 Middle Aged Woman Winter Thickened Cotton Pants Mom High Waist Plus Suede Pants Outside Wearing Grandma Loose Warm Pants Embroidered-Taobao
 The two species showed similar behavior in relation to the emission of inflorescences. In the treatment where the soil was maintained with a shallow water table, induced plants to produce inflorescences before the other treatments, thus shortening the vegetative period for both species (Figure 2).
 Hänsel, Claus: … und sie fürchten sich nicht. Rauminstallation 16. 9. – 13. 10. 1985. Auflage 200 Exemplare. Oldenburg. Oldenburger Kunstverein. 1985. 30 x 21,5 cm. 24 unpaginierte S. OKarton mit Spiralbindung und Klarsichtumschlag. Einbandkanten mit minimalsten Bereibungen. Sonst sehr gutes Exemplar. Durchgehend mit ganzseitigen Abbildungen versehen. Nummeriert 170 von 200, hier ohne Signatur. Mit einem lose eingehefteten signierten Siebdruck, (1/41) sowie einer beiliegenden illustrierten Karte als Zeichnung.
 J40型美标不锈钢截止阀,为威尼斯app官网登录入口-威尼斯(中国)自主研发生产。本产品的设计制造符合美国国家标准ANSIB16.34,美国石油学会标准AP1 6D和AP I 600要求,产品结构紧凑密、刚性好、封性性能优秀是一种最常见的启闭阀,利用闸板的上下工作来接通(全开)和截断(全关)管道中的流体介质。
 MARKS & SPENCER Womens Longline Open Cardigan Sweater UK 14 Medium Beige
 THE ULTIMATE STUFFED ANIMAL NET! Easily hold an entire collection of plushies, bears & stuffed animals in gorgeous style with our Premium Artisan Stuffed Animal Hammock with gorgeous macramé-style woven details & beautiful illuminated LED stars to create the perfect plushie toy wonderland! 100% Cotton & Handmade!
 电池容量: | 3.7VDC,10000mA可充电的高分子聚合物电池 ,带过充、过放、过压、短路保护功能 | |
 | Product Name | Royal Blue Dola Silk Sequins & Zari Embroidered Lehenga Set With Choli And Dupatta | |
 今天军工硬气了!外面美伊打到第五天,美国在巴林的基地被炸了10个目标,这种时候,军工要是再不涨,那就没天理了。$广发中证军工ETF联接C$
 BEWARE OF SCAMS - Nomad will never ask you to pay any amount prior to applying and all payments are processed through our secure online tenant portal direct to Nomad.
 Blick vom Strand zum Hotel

* * *

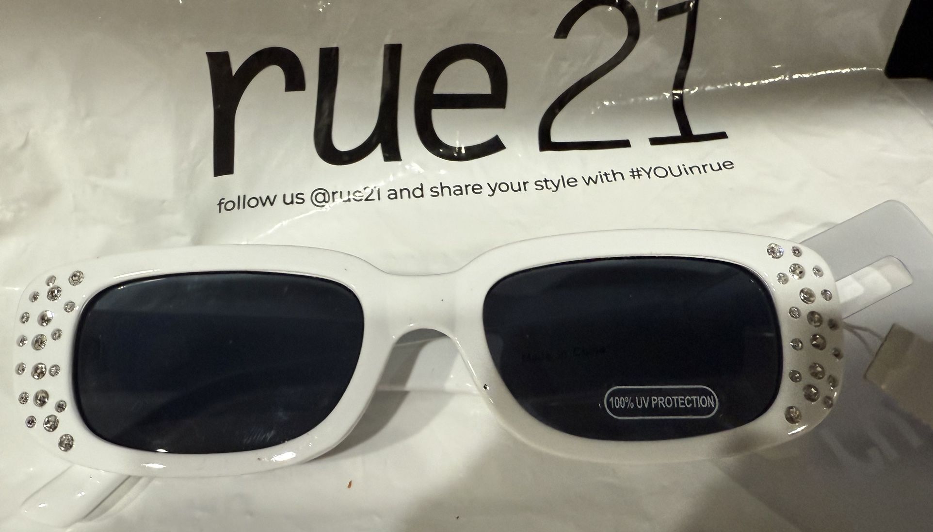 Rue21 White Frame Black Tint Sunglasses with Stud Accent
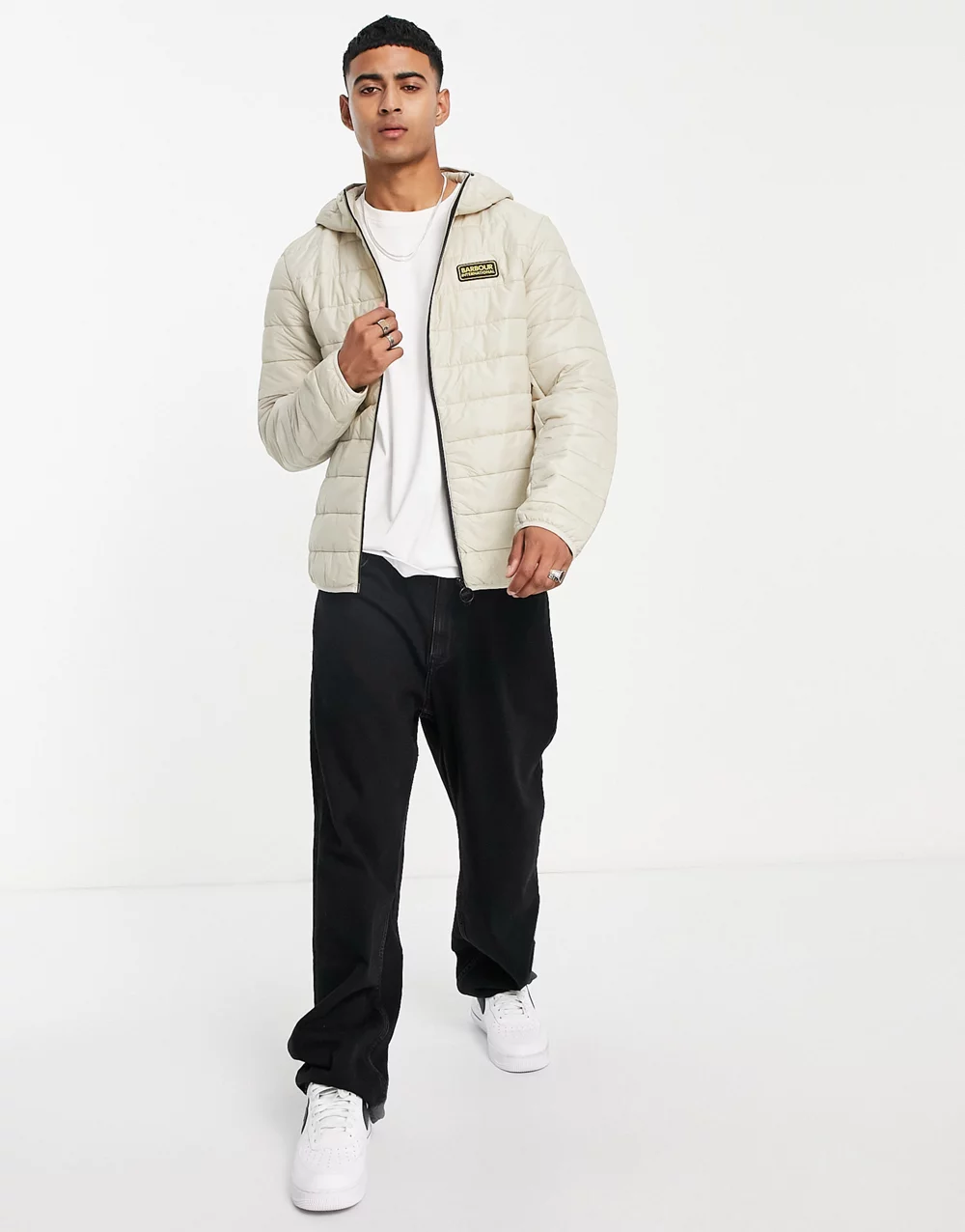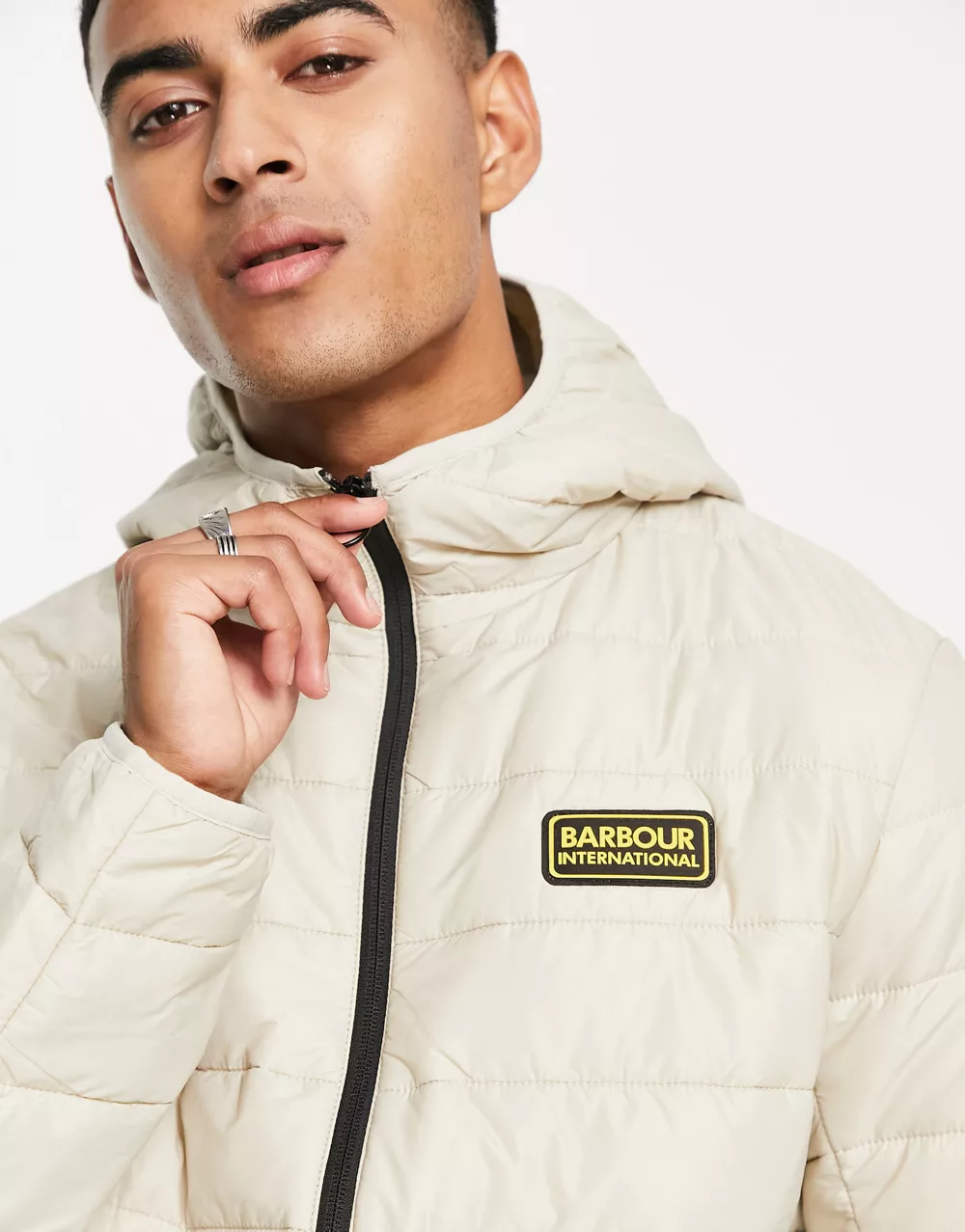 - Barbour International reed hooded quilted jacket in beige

_Task item:_
Retype the records above, but only those lines that fall between the line containing "Middle Aged Woman" and the line containing "今天军工硬气了!外面美伊打到", with both of those lines included, exactly as written.

_Task output:_
 Middle Aged Woman Winter Thickened Cotton Pants Mom High Waist Plus Suede Pants Outside Wearing Grandma Loose Warm Pants Embroidered-Taobao
 The two species showed similar behavior in relation to the emission of inflorescences. In the treatment where the soil was maintained with a shallow water table, induced plants to produce inflorescences before the other treatments, thus shortening the vegetative period for both species (Figure 2).
 Hänsel, Claus: … und sie fürchten sich nicht. Rauminstallation 16. 9. – 13. 10. 1985. Auflage 200 Exemplare. Oldenburg. Oldenburger Kunstverein. 1985. 30 x 21,5 cm. 24 unpaginierte S. OKarton mit Spiralbindung und Klarsichtumschlag. Einbandkanten mit minimalsten Bereibungen. Sonst sehr gutes Exemplar. Durchgehend mit ganzseitigen Abbildungen versehen. Nummeriert 170 von 200, hier ohne Signatur. Mit einem lose eingehefteten signierten Siebdruck, (1/41) sowie einer beiliegenden illustrierten Karte als Zeichnung.
 J40型美标不锈钢截止阀,为威尼斯app官网登录入口-威尼斯(中国)自主研发生产。本产品的设计制造符合美国国家标准ANSIB16.34,美国石油学会标准AP1 6D和AP I 600要求,产品结构紧凑密、刚性好、封性性能优秀是一种最常见的启闭阀,利用闸板的上下工作来接通(全开)和截断(全关)管道中的流体介质。
 MARKS & SPENCER Womens Longline Open Cardigan Sweater UK 14 Medium Beige
 THE ULTIMATE STUFFED ANIMAL NET! Easily hold an entire collection of plushies, bears & stuffed animals in gorgeous style with our Premium Artisan Stuffed Animal Hammock with gorgeous macramé-style woven details & beautiful illuminated LED stars to create the perfect plushie toy wonderland! 100% Cotton & Handmade!
 电池容量: | 3.7VDC,10000mA可充电的高分子聚合物电池 ,带过充、过放、过压、短路保护功能 | |
 | Product Name | Royal Blue Dola Silk Sequins & Zari Embroidered Lehenga Set With Choli And Dupatta | |
 今天军工硬气了!外面美伊打到第五天,美国在巴林的基地被炸了10个目标,这种时候,军工要是再不涨,那就没天理了。$广发中证军工ETF联接C$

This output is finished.